Watch script in District 26
Residents of School District 26, beware.
You’re about to get bombarded with propaganda as to why you should dig much deeper into your pocketbook to bail out a district that refuses to make the difficult decisions needed to balance its budget.
District 26 Superintendent Brian Coleman is recommending that the school board ask voters for a 70-cent tax rate increase for the education fund tempered by a 20-cent tax rate decrease for the bond fund.
The net tax increase would mean the owner of a $300,000 home who takes the homestead exemption would pay about $473 more annually.
We’ve seen this sad script before, often played out successfully in school districts throughout McHenry County.
If you don’t support a tax increase referendum that more than likely will be put on the Feb. 5 ballot, here’s some of what you can expect to be told will happen in the future:
• All extra-curricular programming will be cut;
• School days will be shorter;
• Classrooms will be overcrowded;
• The best teachers will flee to more lucrative jobs in other districts;
• Schools will close;
• Your child’s education will suffer;
• Your home values will deteriorate.
About the only thing you won’t hear is that the football program will be eliminated because, well, District 26 is an elementary district and it doesn’t offer football.
Of course, some of the above may be true.
In a district that’s been deficit spending for years, that projects a $1.88 million deficit this year, and that went to voters last year seeking a tax increase only to lose by nearly a 2-to-1 margin, some of these steps already should have taken place.

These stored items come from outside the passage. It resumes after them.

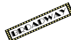
NYC Disney on Broadway 3 nights/4 days Date TBD (includes airfare, hotel, 2 Broadway shows, exclusive workshop and meals for the girl) 5500+ pkgs
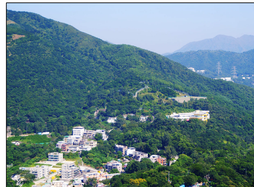
LR7 Rural Development Area
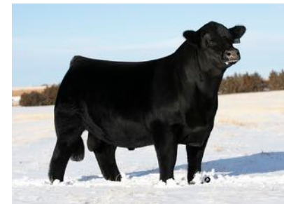
SCHILLING GAME OVER

District administrators have proposed closing a school to save money. Enrollment is down more than 400 students since 2005, after all. But the school board seems too timid to actually take the action.
Before the school district asks for more money from its taxpayers, many of whom already are struggling to pay their own mortgages, we have some suggestions:
• Make the decision on which school to close and follow through;
• Ask all district employees to take a pay cut – including teachers who reaped the benefits of a booming economy and should share in the sacrifice;
• Evaluate every job, and eliminate those that can be done without.
These cost-control measures are taken every day in the private sector. If our elected public officials can’t do the same, they aren’t acting in our best interest and it’s time to replace them.